The last SoC Samsung designed was the Exynos 990 for its Galaxy Note 20 in the first half of 2020. Initially, it was expected that the chipmaker would feature the Exynos 992 in the Note 20, but ended up using the 990 instead.
Samsung Electronics loaded the Exynos 990 AP on its flagship smartphone Galaxy Note 20 released for consumers in Europe and other regions. The Exynos 990 was also used for the Galaxy S20, which was released in the first half of 2020.
The lack of progress in its chip department forced Samsung to power the North American and East Asian variant of its Note 20 with Qualcomm’s SD 865+ while the Galaxy S20 used the slightly slower SD 865.

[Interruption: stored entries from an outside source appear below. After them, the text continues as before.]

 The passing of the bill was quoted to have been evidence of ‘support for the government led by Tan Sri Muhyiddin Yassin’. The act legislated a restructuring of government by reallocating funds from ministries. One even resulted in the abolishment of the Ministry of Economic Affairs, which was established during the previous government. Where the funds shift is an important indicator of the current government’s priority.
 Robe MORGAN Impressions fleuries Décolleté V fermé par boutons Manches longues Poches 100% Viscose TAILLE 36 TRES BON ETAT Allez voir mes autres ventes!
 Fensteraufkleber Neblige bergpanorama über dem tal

In the coming round, Samsung has resorted to collaborations with partners ARM and AMD. The former will help develop a custom core based on the Cortex-X, with an expected performance gain of around ~30% over the SD 865.

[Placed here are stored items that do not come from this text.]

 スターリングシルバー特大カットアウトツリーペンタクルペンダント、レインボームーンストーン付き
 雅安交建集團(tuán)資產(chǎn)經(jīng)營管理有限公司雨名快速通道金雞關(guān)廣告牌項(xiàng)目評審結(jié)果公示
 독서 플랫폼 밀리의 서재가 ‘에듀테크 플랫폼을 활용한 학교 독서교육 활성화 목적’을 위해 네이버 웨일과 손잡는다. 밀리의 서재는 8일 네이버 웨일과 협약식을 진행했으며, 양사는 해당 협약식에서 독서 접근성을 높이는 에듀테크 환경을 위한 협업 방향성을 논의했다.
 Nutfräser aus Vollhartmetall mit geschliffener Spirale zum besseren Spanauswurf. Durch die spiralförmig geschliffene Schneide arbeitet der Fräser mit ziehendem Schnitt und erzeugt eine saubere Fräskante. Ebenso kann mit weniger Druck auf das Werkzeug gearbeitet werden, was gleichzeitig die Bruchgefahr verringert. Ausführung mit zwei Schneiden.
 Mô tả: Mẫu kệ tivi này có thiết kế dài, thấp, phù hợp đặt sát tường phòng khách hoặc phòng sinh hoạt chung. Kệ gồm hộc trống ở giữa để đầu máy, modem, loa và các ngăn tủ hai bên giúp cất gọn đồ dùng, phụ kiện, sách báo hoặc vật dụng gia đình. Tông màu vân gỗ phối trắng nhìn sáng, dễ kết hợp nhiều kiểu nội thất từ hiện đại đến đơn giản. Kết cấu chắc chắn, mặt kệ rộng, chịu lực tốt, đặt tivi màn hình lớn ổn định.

The GPU department which has been faring especially poorly will undergo a complete revamp. Instead of the Mali GPU, the next Exynos SoC will feature a GPU based on AMD’s RDNA architecture. As per initial benchmarks, this part has already been taped out and offers significant gains compared to the Qualcomm Adreno GPUs.
This new SoC will be fabbed on Samsung’s 5nm EUV process with a launch in early 2021. The next-Galaxy S21 (or whatever it’s called) will feature this brand new SoC.